The undersigned stockholder of U.S. AUTO PARTS NETWORK, INC. (the “Company”) hereby appoints SHANE EVANGELIST and MICHAEL J. MCCLANE, and each of them, proxies of the undersigned, each with full power to act without the other and with power of substitution, to represent the undersigned at the Annual Meeting of Stockholders of the Company to be held on Friday, May 2, 2008 at 10:30 a.m. Pacific Time at the Torrance Marriott South Bay, located at 3635 Fashion Way, Torrance, California 90503, and at any adjournment or postponement thereof, and to vote all shares of the Company’s common stock held of record by the undersigned on March 17, 2008, with all the powers the undersigned would possess if personally present, in accordance with the instructions on the reverse hereof.

The undersigned hereby revokes any other proxy to vote at such Annual Meeting of Stockholders and hereby ratifies and confirms all that said proxies, and each of them, may lawfully do by virtue hereof.

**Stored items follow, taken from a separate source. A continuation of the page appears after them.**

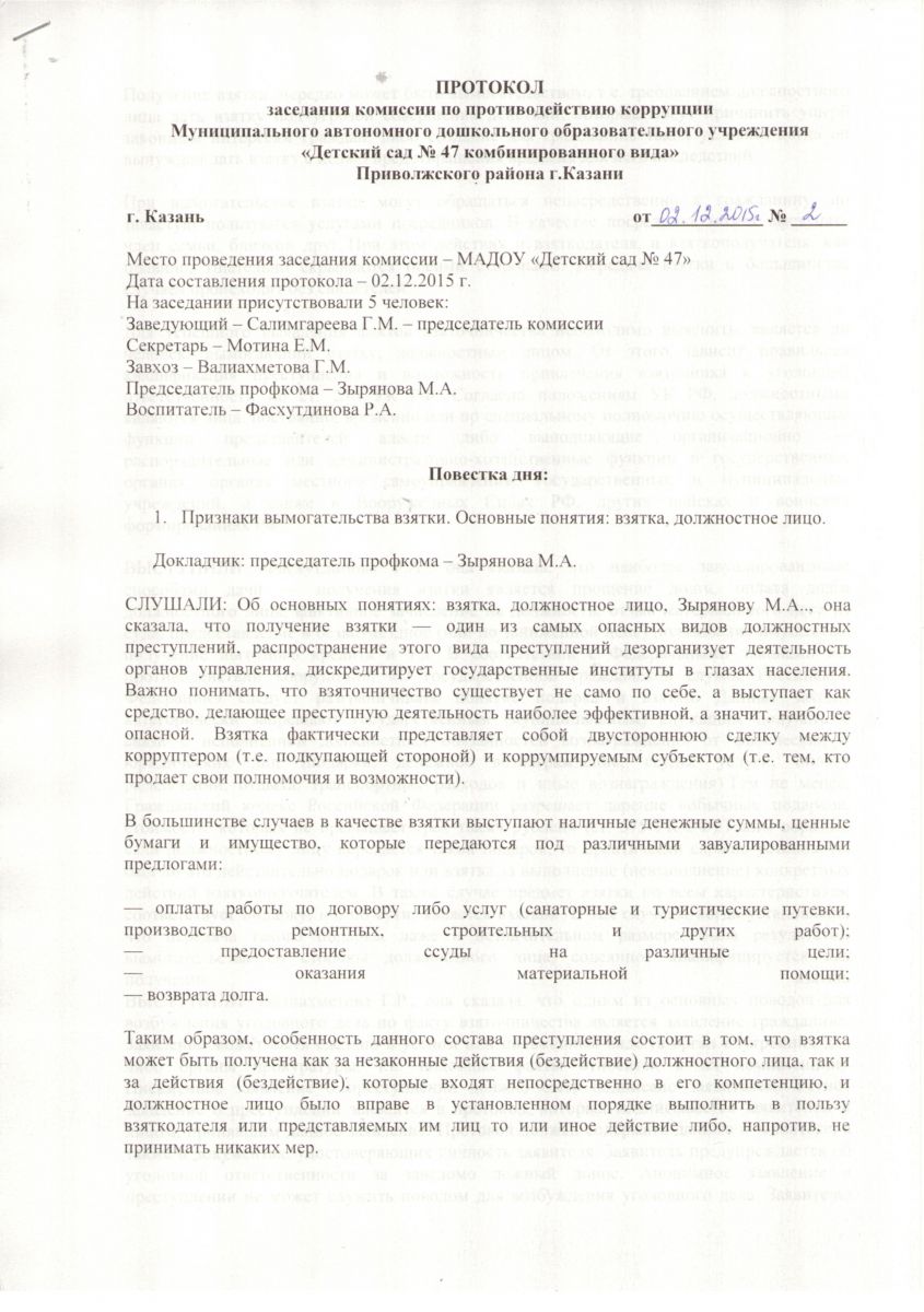 Протокол заседания комиссии по противодействию коррупции № 2 (лист 1)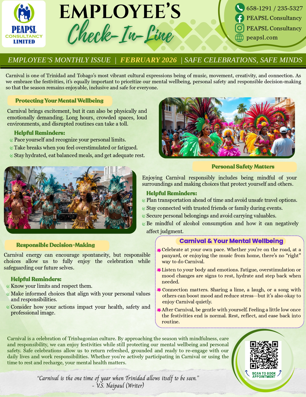 Carnival season is here—bringing energy, excitement, and connection. It’s also a good time to pause and check in with yourself. This month’s Employee’s Check-In Line shares simple, practical tips on protecting your mental wellbeing, staying safe, and making mindful choices so you can enjoy the season at your own pace.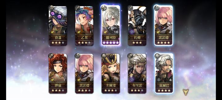 1w2,一共19个5星,补了5个new美丽特和艾妮都是1发出,周年池抽了1w,出了15个五星+水滴2,卡池10个角色抽出了9个。刀哥2次,伊朵3次,电锯2次,洛斯福2次,雷莉4次,火锤1次,炎拳1次,燕1次,林丽1次。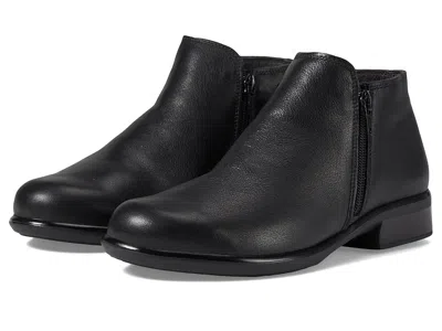 Naot Helm - Women's Boots : Black Water-Resistant Leather : ; The Helm is part of the Naot Aura Collection which runs as a Medium Width. ; Add a touch of popular style to your wardrobe with the Helm bootie by Naot. ; Leather and nubuck or leather and suede upper. ; Zipper closure. ; Padded technical lining for comfort, warmth, and moisture absorption. ; Removable, anatomic cork, and latex footbed is wrapped in microfiber and leather and molds to the shape of the foot with wear. ; Polyurethane sole with metal shank is extremely lightweight, durable, and abrasive to prevent slipping. ; This collection uses a hand-sewn strobel construction making it strong and extremely flexible. ; Imported. Measurements: ; Heel Height: 1 in ; Weight: 10 oz ; Product measurements were taken using size EU 40 (US Women's 9), width M. Please note that measurements may vary by size. | Naot Helm Women's Boots Black Water-Resistant Leather : EU 43 (US Women's 12) M, Leather/Suede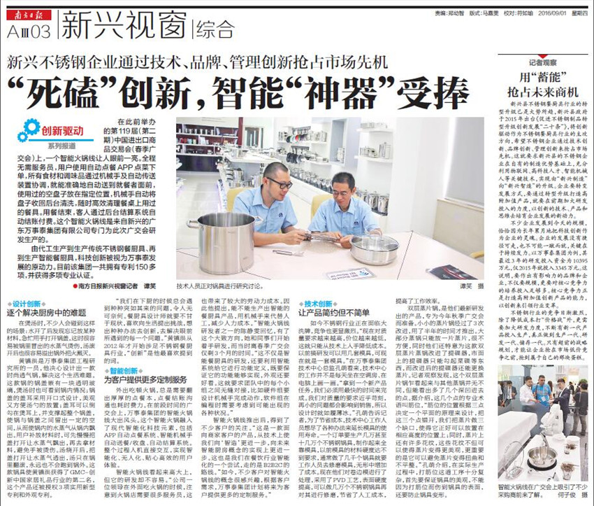 如今不锈钢行业正在面临大洗牌,竞争也更显激烈。“现在对质量要求越来越高,价位越来越低,这就只能从技术上入手降低成本。以前搞研发可以用几套模具,可现在就是一套模具。”在万事泰集团技术中心总监孔萌看来,技术中心的工作并不是每天坐在空调房、在电脑上画一画。“拿到一个新产品任务,易游电竞,平台功能总览,支持的热门项目,账号安全设置与操作技巧全解析必须用最快的时间来完成。易游电竞,平台功能总览,支持的热门项目,账号安全设置与操作技巧全解析对质量的要求近乎苛刻,再小的问题都会影响到销售,所以设计时就如履薄冰。”孔萌告诉记者,为了节省成本,技术中心工作人员想尽了各种办法来延长模具的使用寿命。一个订单要生产几万甚至十几万个不锈钢锅具,制作起来全靠模具,以前模具的材料硬度达不到要求,通常做了几千个锅具就要工作人员去修磨模具,无形中增加了成本。现在他们对卷边模进行了处理,采用了PVD 工艺,表面硬度提高,可以做几万个不锈钢锅具再对其进行修磨,节省了人工成本,提高了工作效率。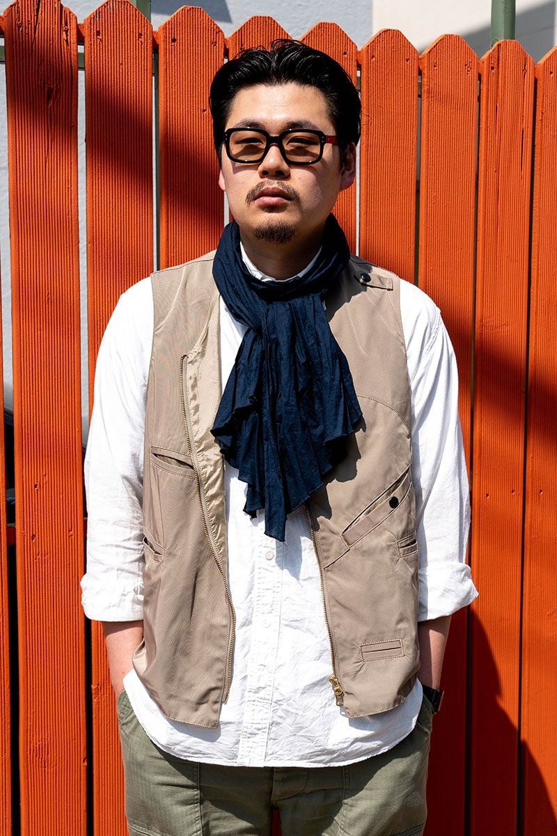 ▶イさんのスナップをすべて見るイ・キョングンさん(34歳)お隣・韓国で洒落者をハンティング! 全身をアースカラーでまとめたイさんは、ジャパンブランド「ザ コロナ ユーティリティー」のベストをセレクトした。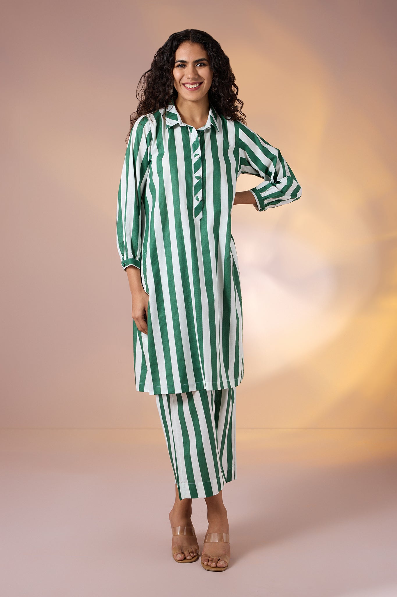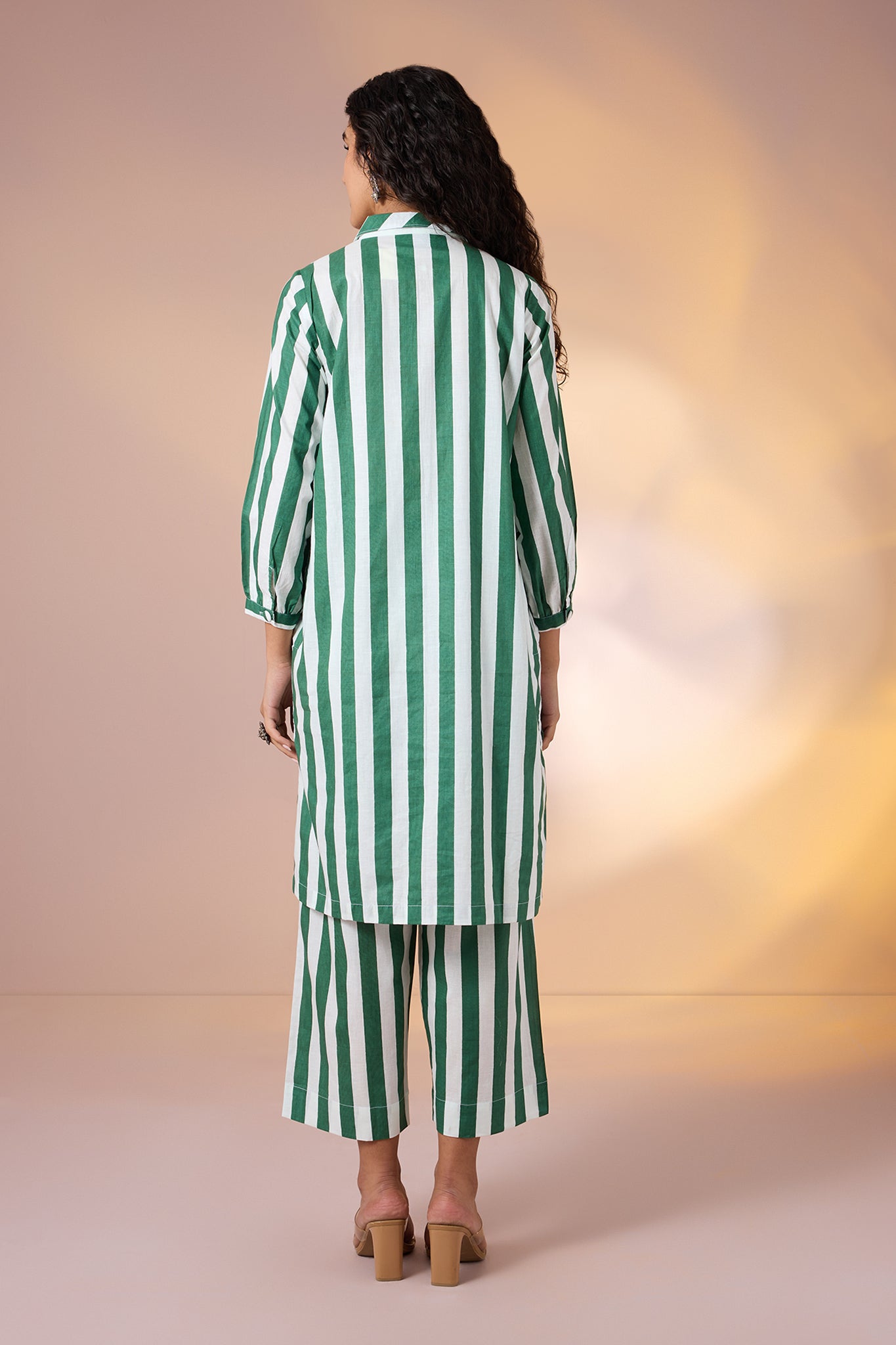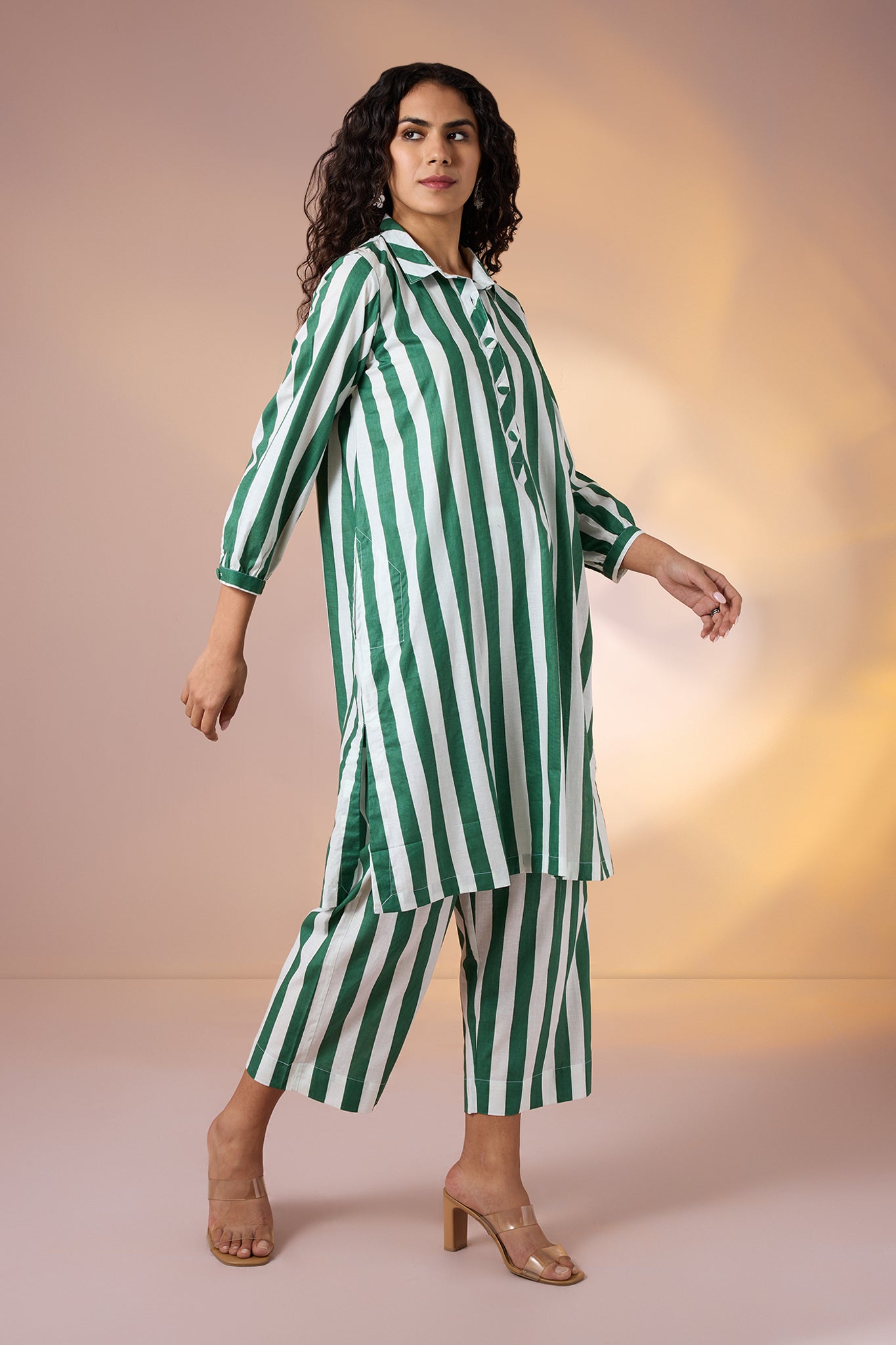 Crafted in 100% cotton, this kurta set is designed in bold green stripes against a crisp white base, making it a striking yet timeless wardrobe staple. The collared kurta features a front placket with handcrafted buttons, 3/4th sleeves finished with smart cuff detailing, and a relaxed cut that flows effortlessly. Paired with easy cotton trousers, it’s tailored for comfort without compromising on elegance. Perfect for travel, work, or leisurely outings, this set balances versatility with style, ensuring you look polished wherever you go.Pair with tan flats and a crossbody bag for travel-ready ease, or elevate with block heels and minimal jewellery for a refined work look.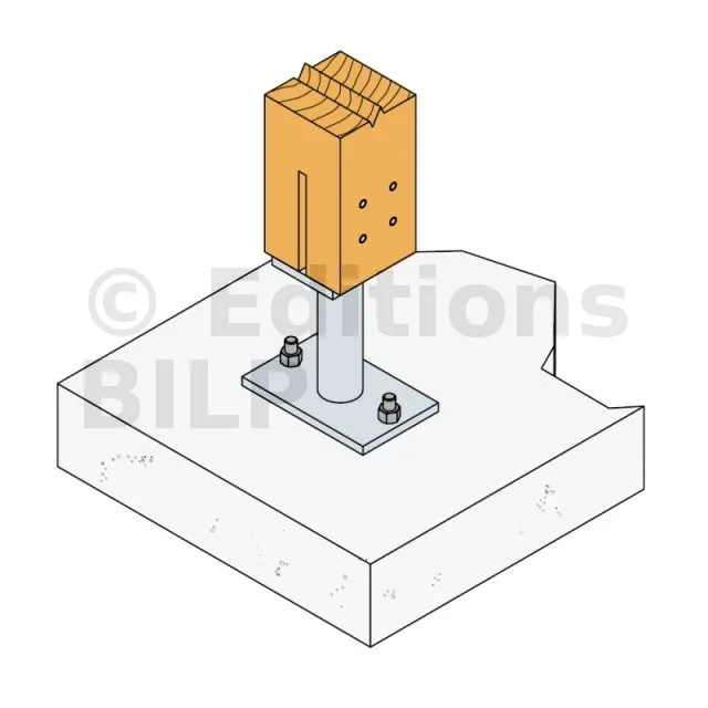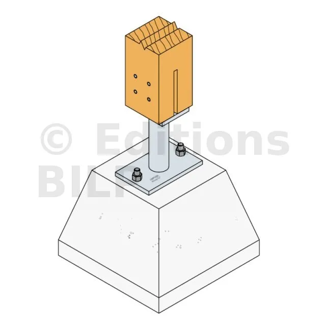 - Connexion bois sur support rigideSur poteau : 4Ø8 (broches STD) ; sur béton : 2Ø12 (goujons WA ; tige filetée)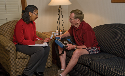 Kathy Wright works with an older adult to avoid medication errors.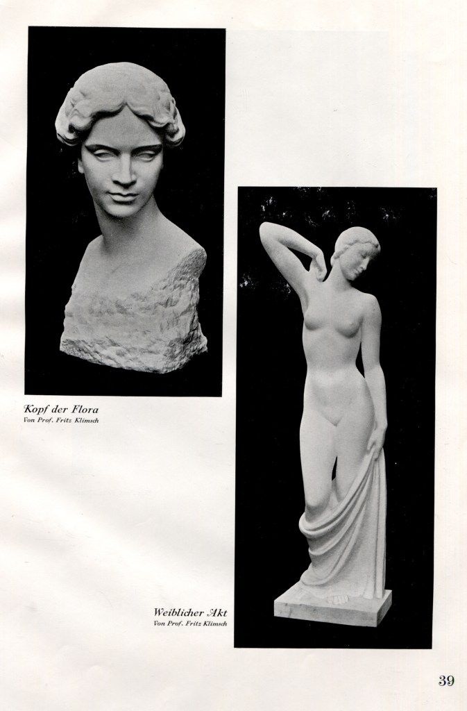 Werner Rittich (1906-1978, in der Nachkriegszeit Redakteur beim „Hamburger Abendblatt“ !) , einer der kulturpolitischen Chefpropagandisten des NS-Regimes, widmete im Kriegsjahr 1940 in der von ihm mitgeleiteten Propagandaschrift der NSDAP „Die Kunst im Deutschen Reich“ acht großformatige Seiten incl. neun Abbildungen in bester Druckqualität auf bestem Papier dem Künstler Fritz Klimsch zum 70. Geburtstag.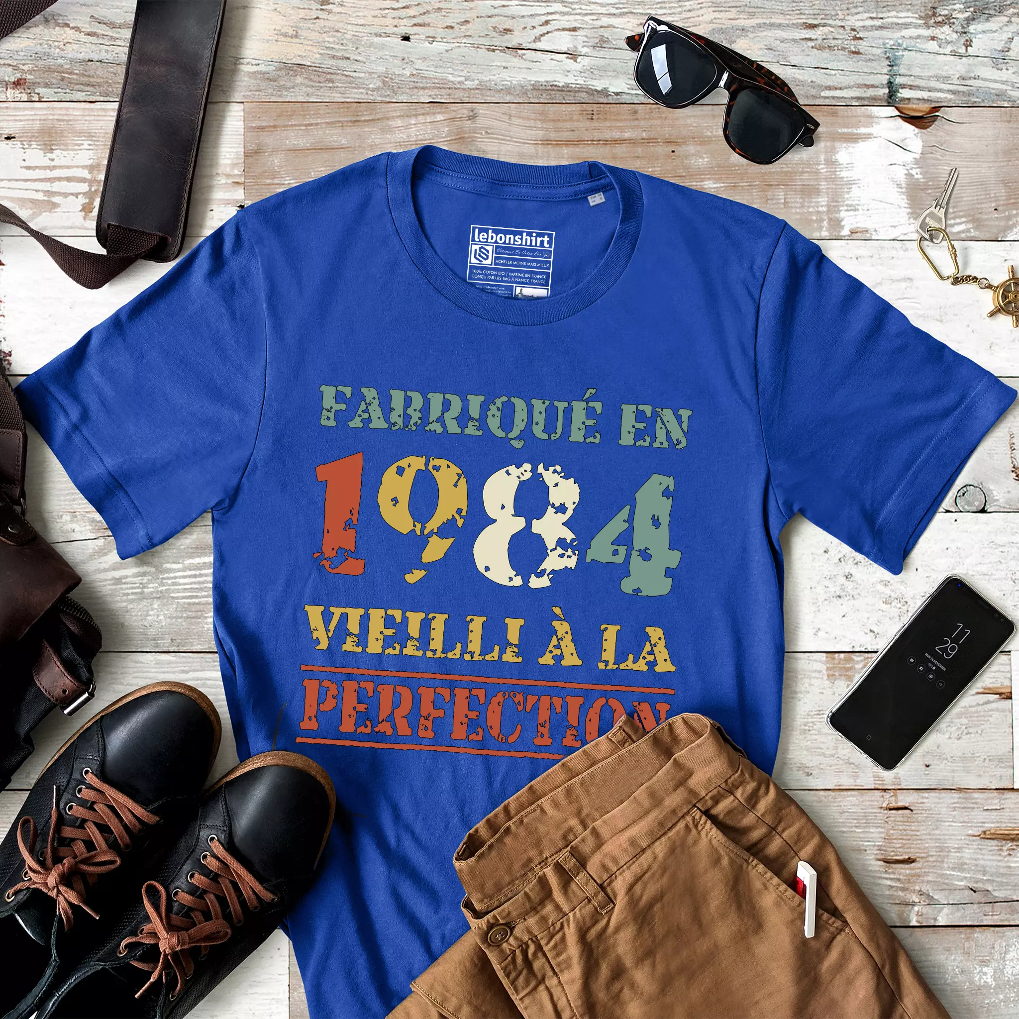 Vous cherchez un cadeau d’anniversaire original et amusant pour un homme ? Le T-shirt Premium Homme de Lebonshirt® est la réponse à vos attentes ! Ce t-shirt présente une phrase amusante « Fabriqué en 1984, Vieilli à la Perfection », ce qui en fait un choix idéal pour les hommes qui apprécient la qualité, le style rétro et l’humour.

The undersigned also acknowledges receipt of the Notice of the Annual Meeting of Stockholders, the proxy statement and the annual report on Form 10-K for the year ended December 31, 2007, which were furnished with this proxy.

(continued and to be signed on the reverse side)


(continued from other side)

THIS PROXY, WHEN PROPERLY EXECUTED, WILL BE VOTED IN ACCORDANCE WITH THE INSTRUCTIONS BELOW, OR IF NO INSTRUCTIONS ARE INDICATED, THIS PROXY WILL BE VOTED FOR PROPOSALS ONE AND TWO, AND IN ACCORDANCE WITH THE DISCRETION OF THE PROXY HOLDERS WITH REGARD TO ANY OTHER MATTERS PROPERLY BROUGHT TO A VOTE AT THE ANNUAL MEETING OR ANY ADJOURNMENT OR POSTPONEMENT THEREOF.

 

  1. Election of Class II Directors.

Nominees standing for election:

 

Joshua L. Berman    ¨    FOR    ¨    WITHHOLD AUTHORITY
Sol Khazani    ¨    FOR    ¨    WITHHOLD AUTHORITY
Robert J. Majteles    ¨    FOR    ¨    WITHHOLD AUTHORITY

 

  2. Ratification of Ernst & Young LLP as the independent auditors of U.S. Auto Parts Network, Inc. for the fiscal year ending December 31, 2008.

¨ FOR             ¨ AGAINST             ¨ ABSTAIN

 

MARK HERE FOR ADDRESS CHANGE AND INDICATE NEW ADDRESS

   ¨  

MARK HERE IF YOU PLAN TO ATTEND THE MEETING

   ¨  

 

Date:     
   
  Signature
   
  Signature

NOTE: This proxy must be signed exactly as your name appears hereon. Executors, administrators, trustees, etc., should give full title as such. If the stockholder is a corporation, a duly authorized officer should sign on behalf of the corporation and should indicate his or her title.

PLEASE MARK, SIGN, DATE AND RETURN THIS PROXY CARD PROMPTLY USING THE ENCLOSED ENVELOPE.